Le plus frappant a été l’appréciation du billet vert par rapport au yen japonais, la seule monnaie d’un grand pays riche dans lequel les taux d’intérêt ne devraient pas augmenter de sitôt. En termes réels, le yen est au plus bas depuis les années 1970.

Un autre résultat est la croissance des primes de risque alors que les investisseurs s’inquiètent des écueils du nouveau paysage économique. Aux États-Unis, les mesures de la «prime de risque d’inflation», qui augmente lorsque les prix deviennent difficiles à prévoir, sont à leur plus haut niveau depuis 1994.

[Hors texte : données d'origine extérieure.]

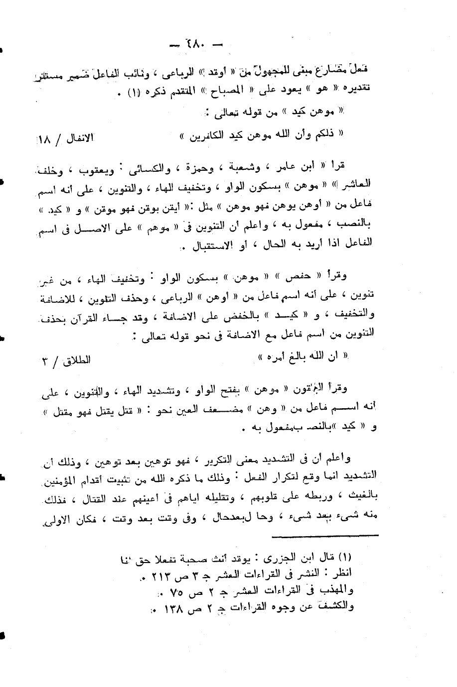 وقرأ «حفص» «موهن» بسكون الواو: وتخفيف الهاء، من غير تنوين، على أنه اسم فاعل من «أوهن» الرباعى، وحذف التنوين، للاضافة والتخفيف، و «كيد» بالخفض على الاضافة، وقد جاء القرآن بحذف التنوين من اسم فاعل مع الاضافة في نحو قوله تعالى: «إِنَّ اللَّهَ بالِغُ أَمْرِهِ». (¬3)

Resserrement des politiques monétaires

La liquidité sur le marché du Trésor semble s’amenuiser. L’écart entre les titres adossés à des créances hypothécaires et les bons du Trésor à dix ans a doublé depuis le début de l’année, reflétant les craintes que la Fed ne vende activement ses obligations hypothécaires.

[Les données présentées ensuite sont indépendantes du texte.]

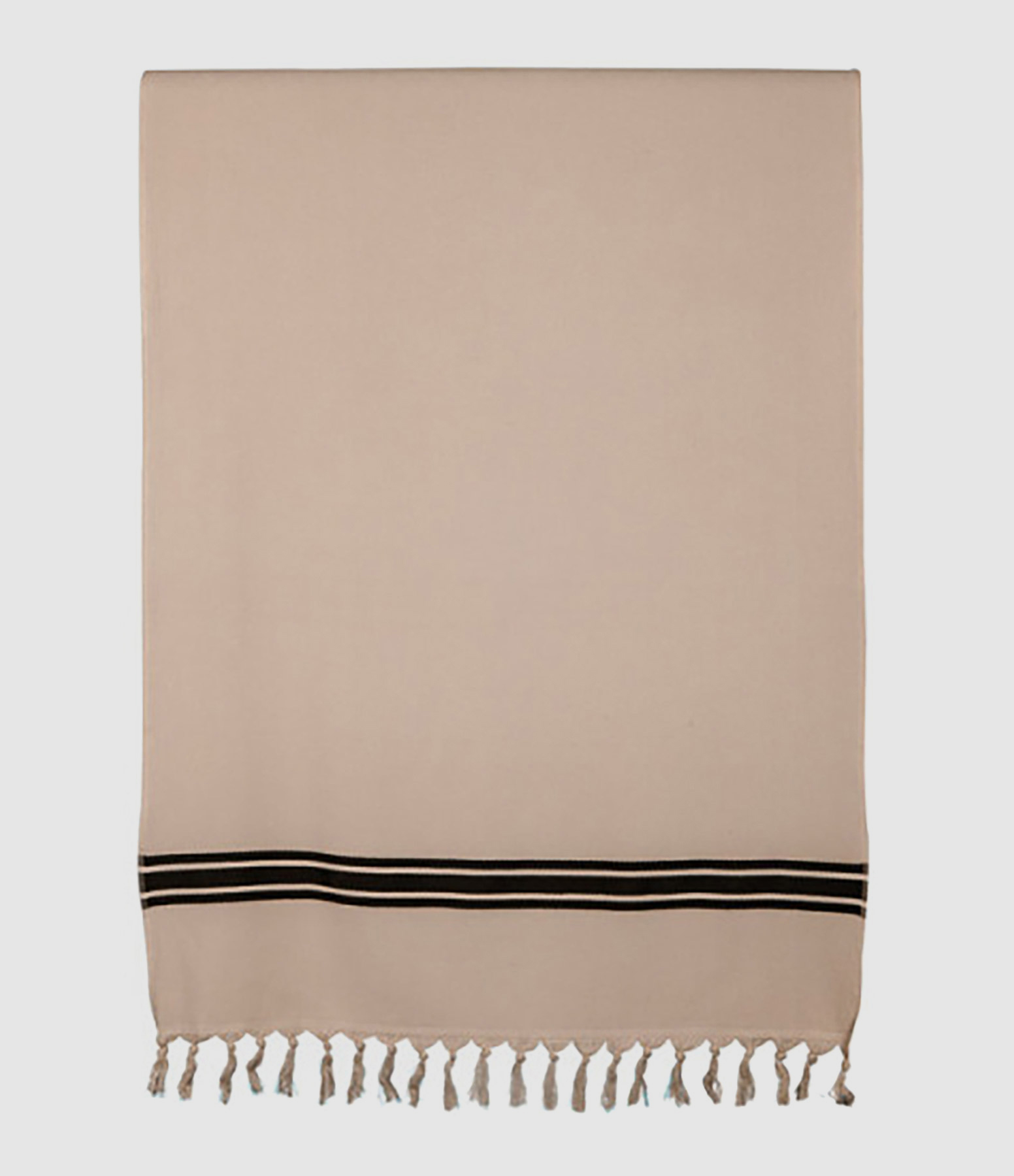 Drap de bain en coton taupe. Bandes noires. Bords frangés.

Il y a eu une légère augmentation des écarts de crédit des entreprises alors que les investisseurs évaluent la possibilité que des taux plus élevés rendront plus difficile pour les entreprises le service de leurs dettes. Et en Europe, la différence entre ce que les gouvernements allemand et italien doivent payer pour emprunter pendant dix ans a augmenté en raison du danger qu’une politique monétaire plus stricte rende plus difficile pour l’Italie de faire face à ses dettes élevées.

Un troisième effet est lié à la mauvaise performance de portefeuilles d’investissement, même diversifiés, conçus pour être relativement insensibles aux chocs. Selon The Economist, aux États-Unis, un portefeuille composé à 60% d’actions et à 40% d’obligations, qui a produit un rendement annuel moyen de 11% de 2008 à 2021, est en baisse de près de 12% cette année.

Alors que 2021 a marqué le point culminant du «tout au top» au cours duquel la plupart des prix des actifs ont augmenté, 2022 pourrait marquer le début d’un «tout effondrement», avec la disparition des taux bas rendue possible par une faible inflation – le fondement macroéconomique des rendements élevés des investissements.

Alors que les investisseurs souffrent, les responsables de la politique monétaire pourraient être tentés de changer de cap. S’ils cessaient d’augmenter les taux et laissaient l’inflation monter en flèche, les détenteurs d’obligations perdraient de l’argent, mais des actifs plus résistants à l’inflation, tels que les actions en profiteraient. Le dollar chuterait, aidant les nombreux pays qui libellent certaines de leurs exportations ou dettes en dollars.

Pourtant, il est du devoir des banques centrales, y compris la FED de réagir pour empêcher l’inflation de se maintenir à un niveau intolérable. Le resserrement des conditions financières est la conséquence naturelle de la hausse des taux, et l’ajustement risque de faire dévaluer plusieurs devises et monnaies au niveau international.

Les investisseurs parient toujours que les taux d’intérêt américains culmineront à un peu plus de 3%. Il est peu probable que ce soit suffisamment élevé pour contenir l’inflation sous-jacente, qui a dépassé 5% selon la mesure préférée de la FED. Et cela va impacter les taux d’interêt du FMI et de la Banque mondiale.

Money is money!

Pour des pays sur-endettés, comme la Tunisie et où l’inflation a résisté aux hausses successives et continues des taux directeurs, les marges de monoeuvres s’amenuisent, et pour deux raisons majeures.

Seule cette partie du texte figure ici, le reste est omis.